The recipient of the gift may also be asked for documentation, especially if the estate does not have enough funds to cover the tax.
The executor is required to:
- Identify all gifts made in the seven years before death
- Determine if taper relief applies
- Calculate any tax owed
- File the appropriate IHT forms with HMRC
If HMRC deems the gift taxable and the estate is insufficient to pay, the tax liability can fall to the recipient.
This underlines the importance of communication and record-keeping among family members, particularly in cases where large lifetime gifts have been made.
What Records Should You Keep for a Cash Gift?

Good record-keeping can avoid future complications. Although there is no legal obligation to report most gifts at the time they are given or received, having a clear record helps in the event of:
- An inheritance tax investigation
- A bank’s anti-money laundering checks
- Proving the source of funds for major purchases such as property
Important records to keep include:
- A letter from the giver confirming the nature and value of the gift
- Bank statements showing the transfer
- Documentation of how the money was used
- The giver’s contact details and relationship to the recipient
These records may not need to be shown to HMRC immediately but will be helpful for executors managing the donor’s estate in future.
Are There Any Exceptions or Special Situations to Consider?
While the rules are generally straightforward, certain circumstances can introduce complications. Some gifts may not qualify for exemptions and may raise concerns for HMRC or other institutions.
For example, giving a large sum of money while in poor health can raise questions about the intent of the gift and the donor’s mental capacity.
Gifts given with an expectation of receiving something in return might not be considered genuine gifts and could be treated as payments for services or loans.
Banks and building societies are also required to flag large transactions as part of anti-money laundering regulations.
If you receive a large sum of money as a gift, you may be asked to show documentation proving the source and nature of the funds.
In summary, while most cash gifts are straightforward, edge cases do exist where tax, legal, or financial implications must be considered and managed with care.
Conclusion
In most situations, you do not need to declare a cash gift to HMRC if you are the recipient. The gift itself is not taxed, but you must report any income or gains it generates.
For the person giving the gift, Inheritance Tax rules may apply, particularly if they pass away within seven years.
Therefore, careful record-keeping and understanding of HMRC’s exemptions can prevent issues later on.
FAQs
Can HMRC investigate large cash gifts?
Yes, HMRC can investigate large bank transfers, especially if they suspect the money is part of a taxable estate or if no IHT was reported following a death.

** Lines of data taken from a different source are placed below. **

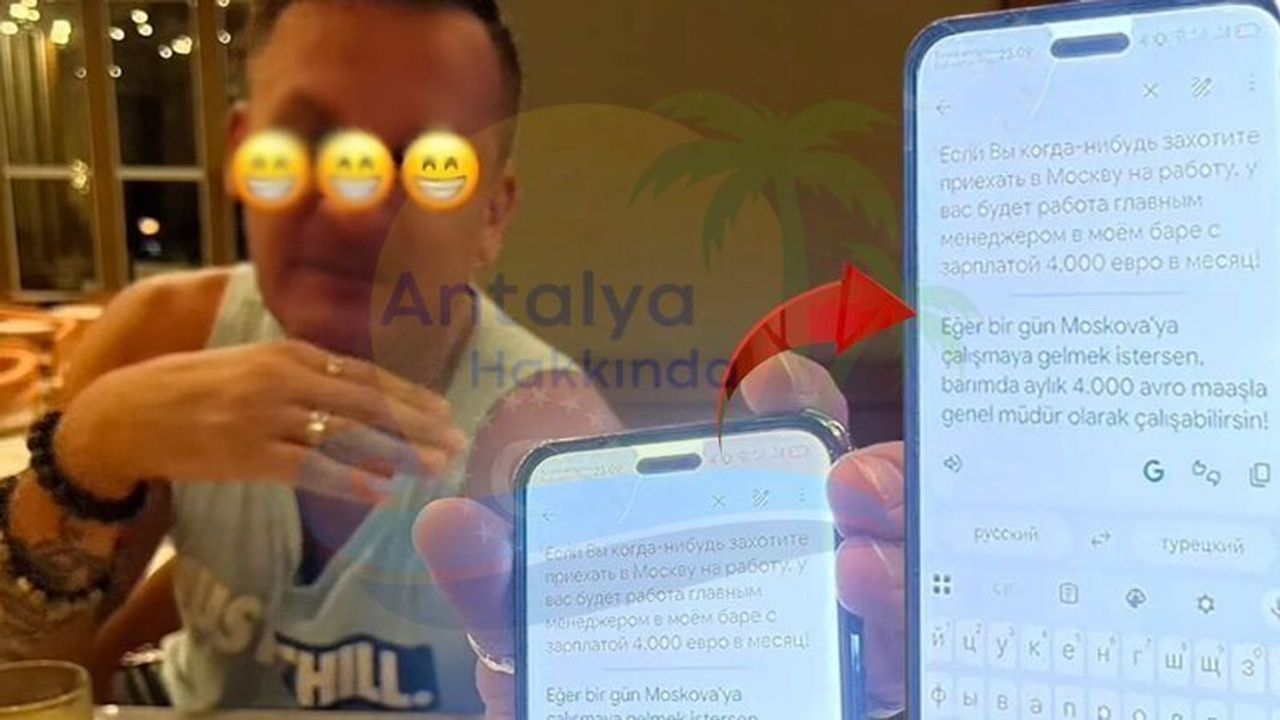 Antalya’daki bir otelde çalışan barmen, yabancı bir turistten hayatını değiştirebilecek ilginç bir teklif aldı. Turist, “Moskova’daki barımda genel müdür ol, sana günlük 4 bin avro maaş vereyim” dedi. O anlar barmenin cep telefonuna yansıdı.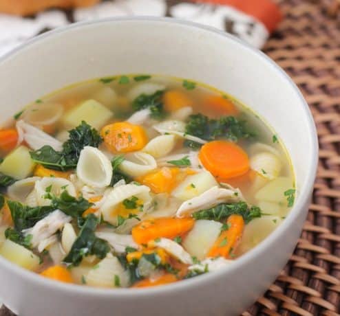• ملعقة كبيرة زيت زيتون أو زبدة قليلة الدسم • بصلة مفرومة • ساق كرفس مفروم • 2 حبة جزر مقطعة إلى شرائح رقيقة • 1 - 2 من فصوص الثوم المفروم • 1 حبة بطاطس متوسطة مقشرة ومفرومة • 1 حبة بطاطا حلوة متوسطة مقشرة ومفرومة • 8-10 أكواب مرق الدجاج أو الديك الرومي • 4/3 مكرونة ( شعرية أو الصغيرة ) • 3 أكواب من السبانخ المفروم • كوب من الدجاج أو التركي المطبوخ ( ممزق لقطع صغيرة ) • بقدونس طازجطريقة التحضير :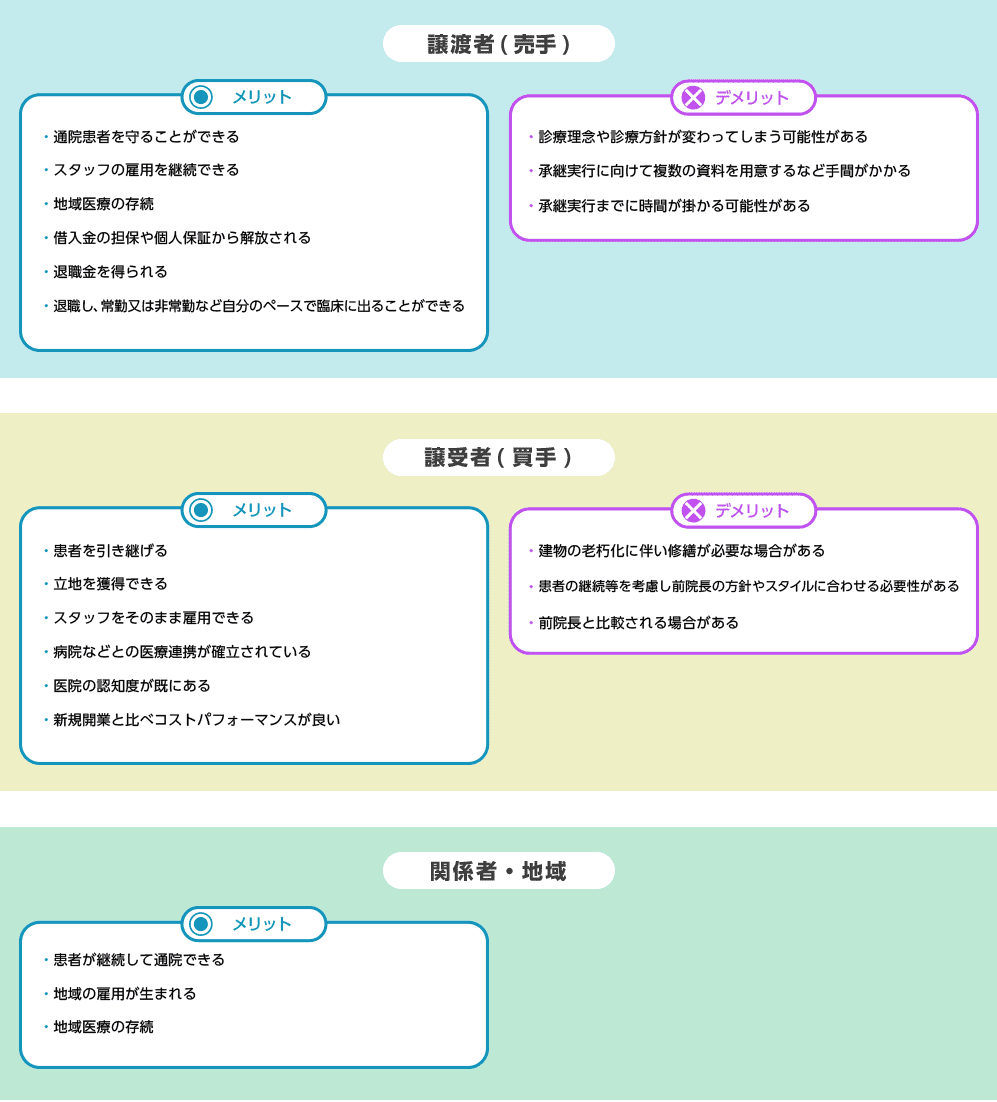 また、譲渡に対する対価を受け取れることや、退職後もその後自身のペースで臨床に出ることができるなど多角的に多くのメリットを得ることができる。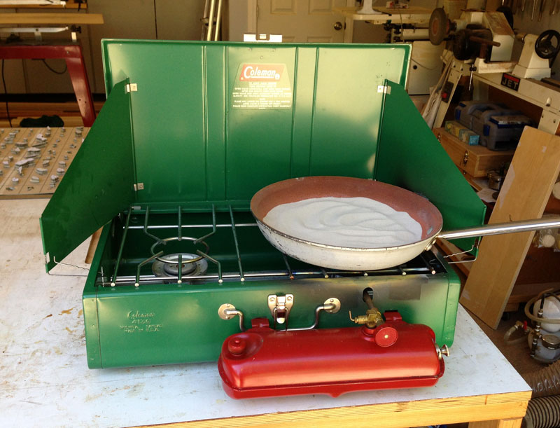 9/4/2013 Next is the sand shading. Here's my setup for sand shading - a Coleman gas stove and an old frying pan with about an inch of sand in it.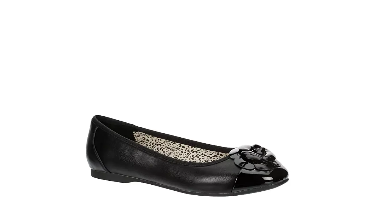 Everyday style brightens your day in the Lorelei women’s flat from Lauren Blakwell. With a faux leather upper featuring a patent leather cap toe and a flower accent, this stylish slip-on is perfect for the office or daily errands around town. The insole cushions your foot, while the durable outsole provides some texture for grip.
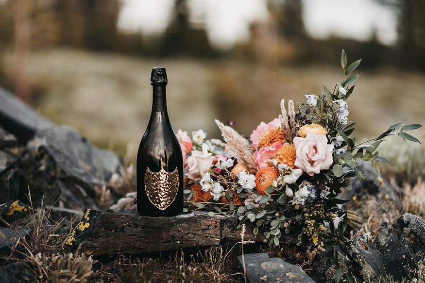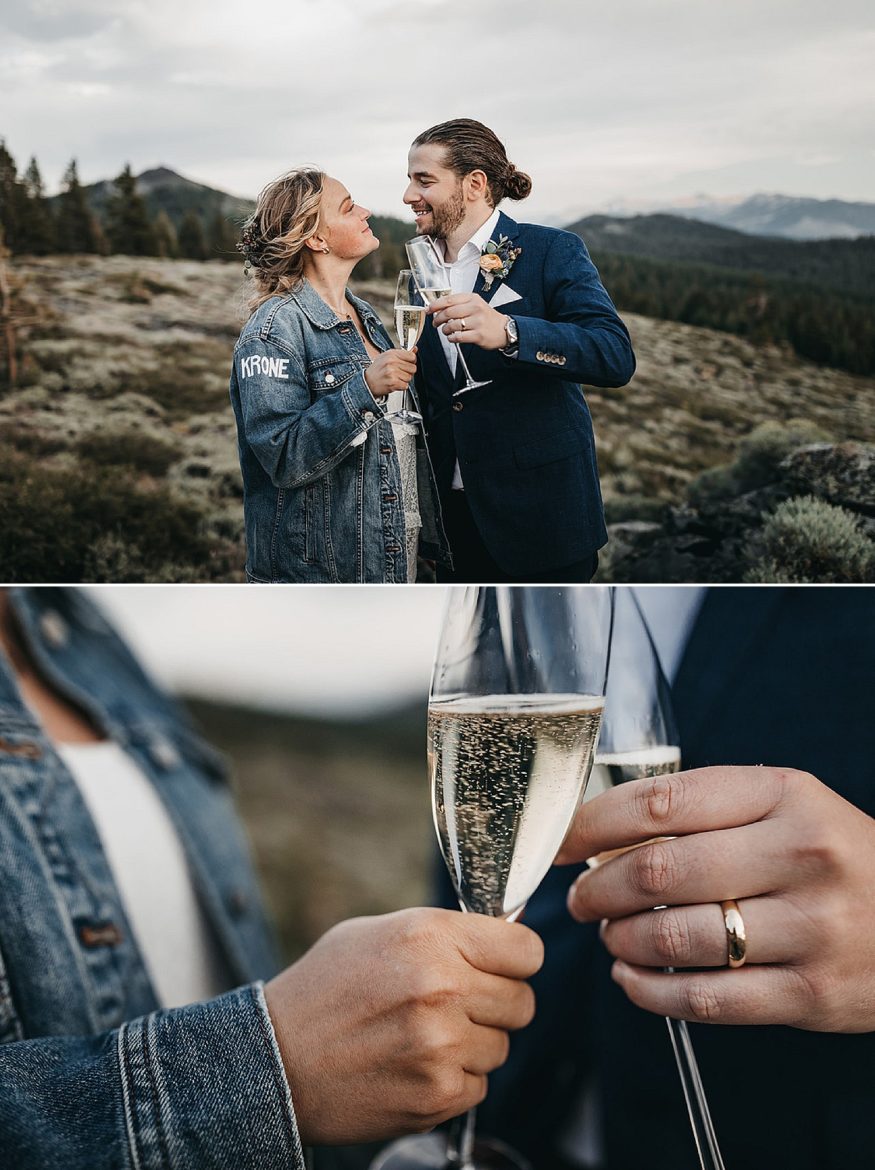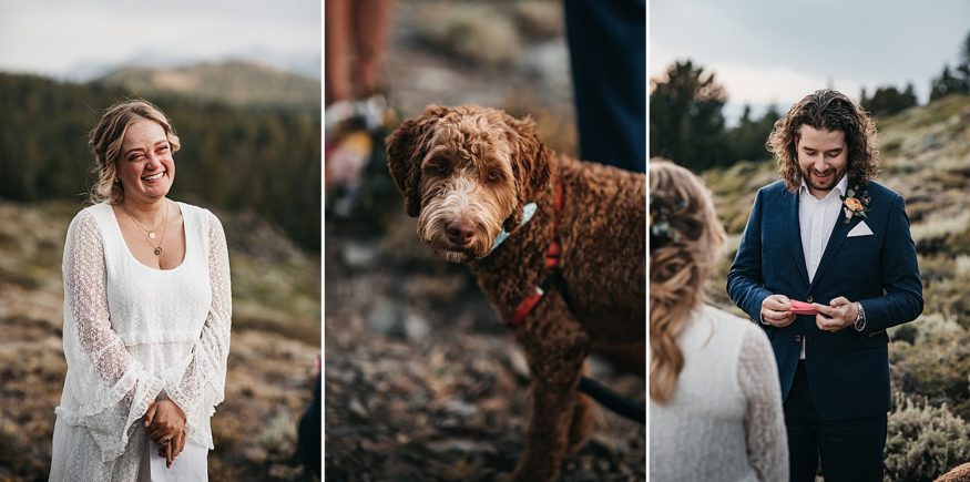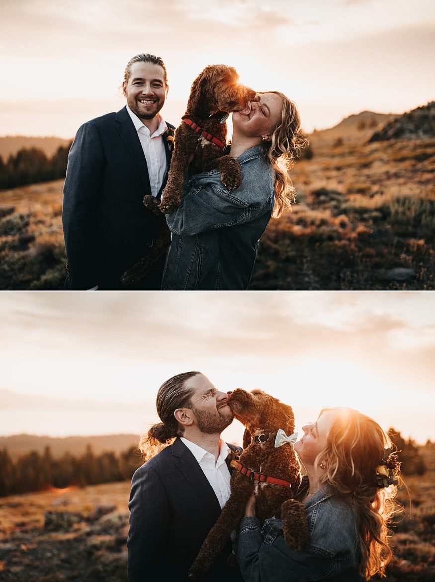 A: Our sunset elopement had a few special touches 🙂 Our dog, Louie, wore a blue bowtie from The Foggy Dog. We brought champagne glasses from my brother and sister-in-law and a bottle of vintage Dom from my parents. We also drank Labatt Blues (a tribute to Matt’s hometown of Buffalo) and Sam Adams beers (a tribute to my Boston stomping ground). We got to give our dog lots of kisses and watch him run around like a maniac  across the mountaintop.The best part of our wedding? Driving down off the mountain in the dark, with the top down on our Jeep, blasting Chris Stapleton’s “Tennessee Whiskey.”

What is the best way to document a cash gift?
A simple letter signed by the giver, along with a copy of the bank transfer, is often enough. This can help in the event of an HMRC review or legal query.
Is there a limit to how much cash you can gift in the UK?
There’s no legal cap on how much you can gift, but gifts over the tax-free allowances may be subject to IHT if the donor dies within seven years.
Are gifts between spouses taxable?
No, transfers between spouses or civil partners are usually exempt from tax, regardless of amount, as long as both parties are UK domiciled.
What happens if the recipient uses the gift to purchase property?
The purchase itself isn’t taxed, but any rental income or capital gain from the property will be subject to normal tax rules.
Can HMRC question gifts made years ago?
Yes, especially if they are part of an estate and the donor died within seven years. Executors are required to declare these under IHT rules.
Do I need to declare a gift on my tax return?
Only if the gift generates income or capital gains that exceed your tax-free allowances.